_Dataset extract:_

<<<<

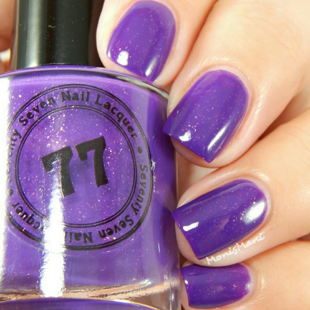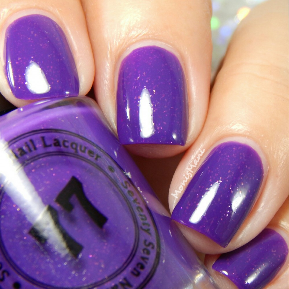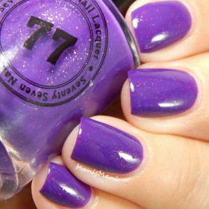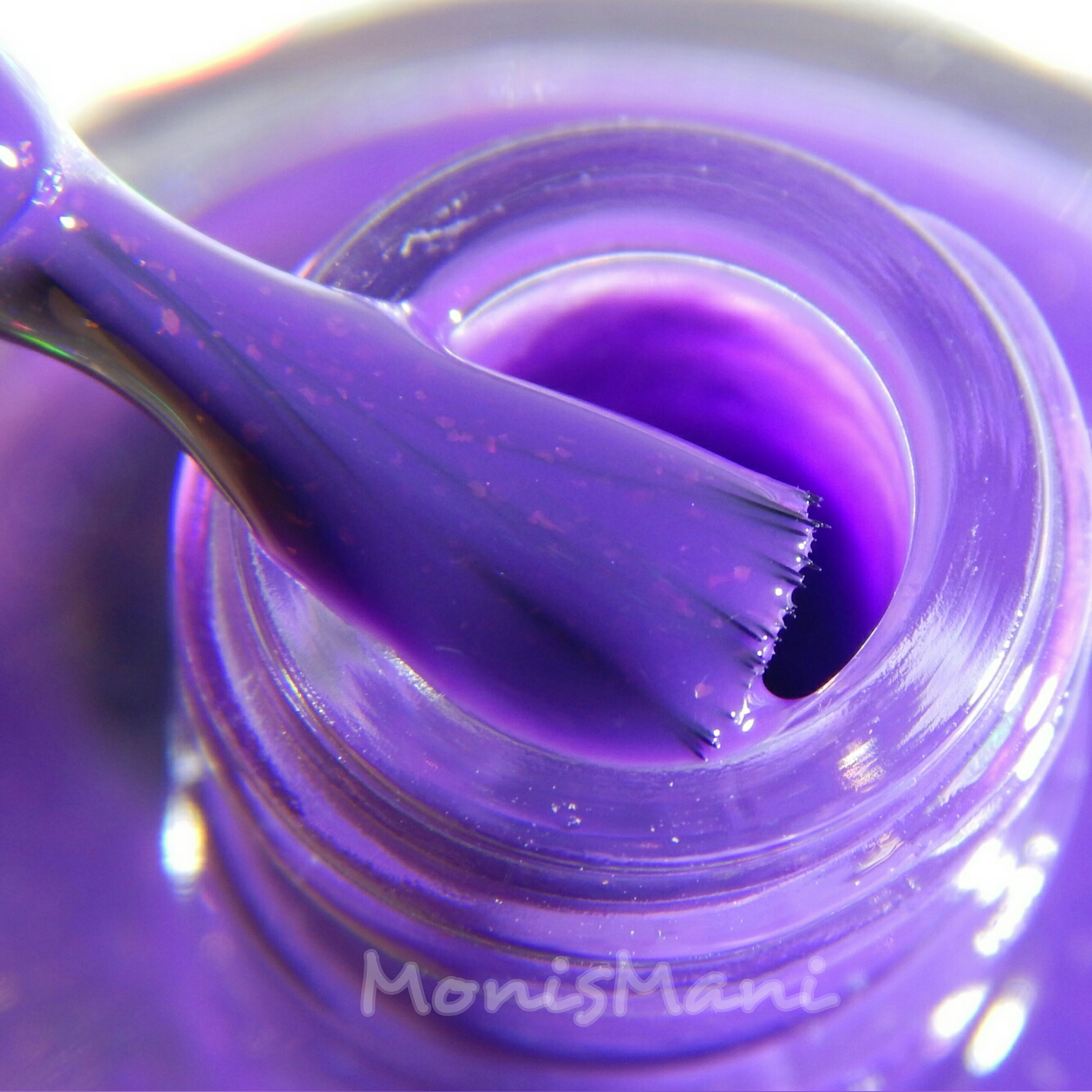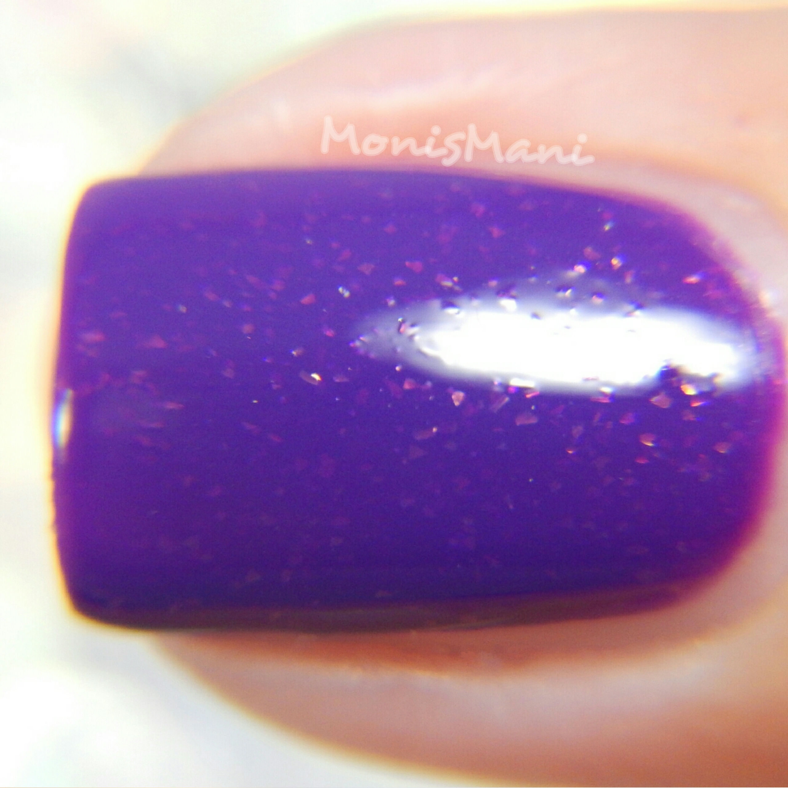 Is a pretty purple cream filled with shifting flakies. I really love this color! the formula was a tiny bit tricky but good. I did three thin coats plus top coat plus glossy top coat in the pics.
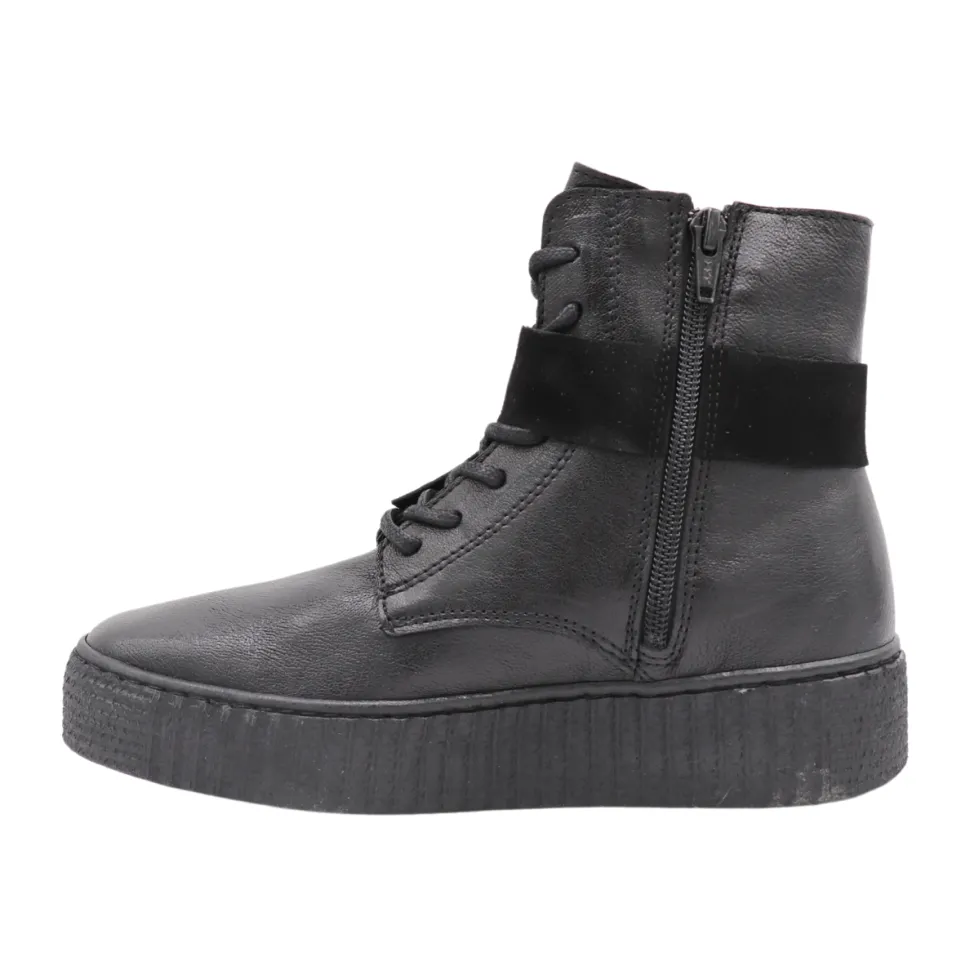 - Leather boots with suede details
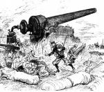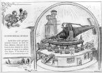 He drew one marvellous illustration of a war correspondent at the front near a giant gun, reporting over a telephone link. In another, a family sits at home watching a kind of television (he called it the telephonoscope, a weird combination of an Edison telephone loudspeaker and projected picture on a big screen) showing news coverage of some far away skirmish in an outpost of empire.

>>>>

_Exercise aim:_ Drop the pictures; repeat the listing above exactly.

_Response below:_
 Is a pretty purple cream filled with shifting flakies. I really love this color! the formula was a tiny bit tricky but good. I did three thin coats plus top coat plus glossy top coat in the pics.
 - Leather boots with suede details
 He drew one marvellous illustration of a war correspondent at the front near a giant gun, reporting over a telephone link. In another, a family sits at home watching a kind of television (he called it the telephonoscope, a weird combination of an Edison telephone loudspeaker and projected picture on a big screen) showing news coverage of some far away skirmish in an outpost of empire.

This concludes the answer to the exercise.